== Given entries ==
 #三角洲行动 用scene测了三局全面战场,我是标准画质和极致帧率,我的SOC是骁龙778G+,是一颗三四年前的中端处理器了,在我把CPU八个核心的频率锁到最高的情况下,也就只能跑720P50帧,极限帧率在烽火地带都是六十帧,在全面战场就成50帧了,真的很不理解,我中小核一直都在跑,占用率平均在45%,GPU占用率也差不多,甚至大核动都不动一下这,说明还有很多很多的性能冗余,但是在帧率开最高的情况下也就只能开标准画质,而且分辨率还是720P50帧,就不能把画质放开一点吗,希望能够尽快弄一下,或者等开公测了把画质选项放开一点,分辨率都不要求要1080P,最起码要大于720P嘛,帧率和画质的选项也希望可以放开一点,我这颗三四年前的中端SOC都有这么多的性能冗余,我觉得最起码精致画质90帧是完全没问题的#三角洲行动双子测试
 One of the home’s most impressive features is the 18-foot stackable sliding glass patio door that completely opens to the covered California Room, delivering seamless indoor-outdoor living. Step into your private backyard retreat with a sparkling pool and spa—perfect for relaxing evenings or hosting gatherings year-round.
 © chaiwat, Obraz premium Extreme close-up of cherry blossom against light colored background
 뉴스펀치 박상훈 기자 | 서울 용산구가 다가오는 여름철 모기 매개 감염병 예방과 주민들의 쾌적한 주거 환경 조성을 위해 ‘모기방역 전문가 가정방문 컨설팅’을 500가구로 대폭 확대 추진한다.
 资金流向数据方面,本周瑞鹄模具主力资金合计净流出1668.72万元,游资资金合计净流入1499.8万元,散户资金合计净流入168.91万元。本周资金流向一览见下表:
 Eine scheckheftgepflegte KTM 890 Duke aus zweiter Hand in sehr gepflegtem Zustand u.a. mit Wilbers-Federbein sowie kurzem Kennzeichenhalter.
...
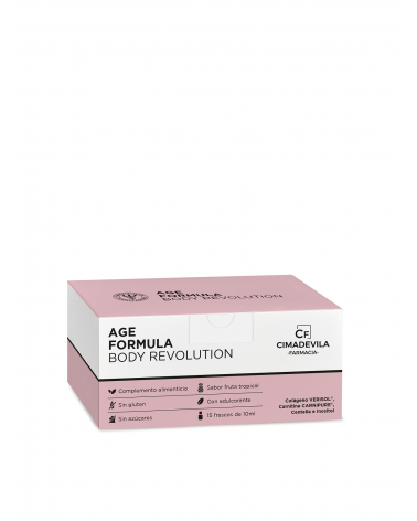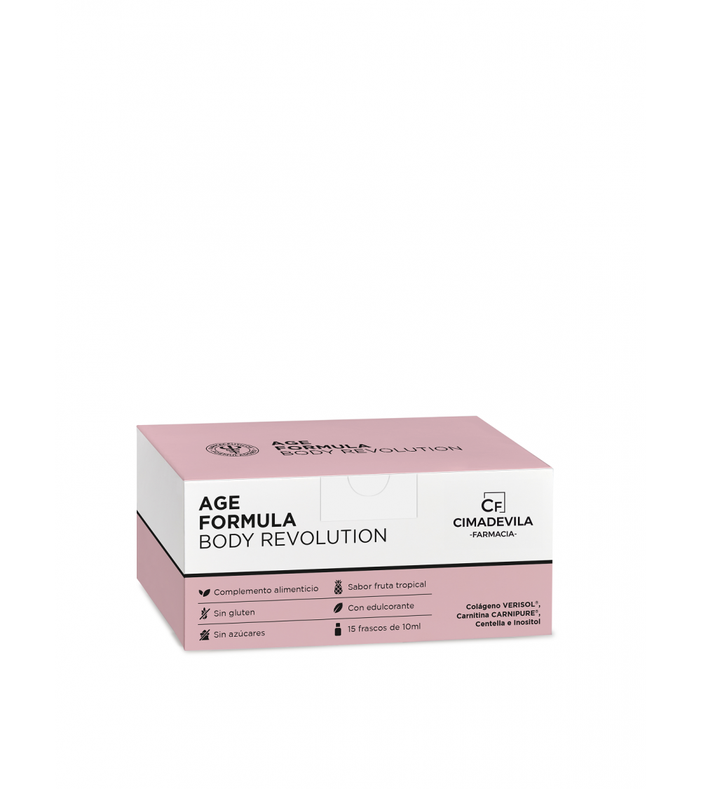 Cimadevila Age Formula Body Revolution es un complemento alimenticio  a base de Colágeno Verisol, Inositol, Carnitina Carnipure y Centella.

== What is being asked ==
All lines in the listing above from the line containing "One of the home’s" to the line containing "Eine scheckheftgepflegte KTM", inclusive, should be retyped exactly; no other lines should appear.

== Reply ==
 One of the home’s most impressive features is the 18-foot stackable sliding glass patio door that completely opens to the covered California Room, delivering seamless indoor-outdoor living. Step into your private backyard retreat with a sparkling pool and spa—perfect for relaxing evenings or hosting gatherings year-round.
 © chaiwat, Obraz premium Extreme close-up of cherry blossom against light colored background
 뉴스펀치 박상훈 기자 | 서울 용산구가 다가오는 여름철 모기 매개 감염병 예방과 주민들의 쾌적한 주거 환경 조성을 위해 ‘모기방역 전문가 가정방문 컨설팅’을 500가구로 대폭 확대 추진한다.
 资金流向数据方面,本周瑞鹄模具主力资金合计净流出1668.72万元,游资资金合计净流入1499.8万元,散户资金合计净流入168.91万元。本周资金流向一览见下表:
 Eine scheckheftgepflegte KTM 890 Duke aus zweiter Hand in sehr gepflegtem Zustand u.a. mit Wilbers-Federbein sowie kurzem Kennzeichenhalter.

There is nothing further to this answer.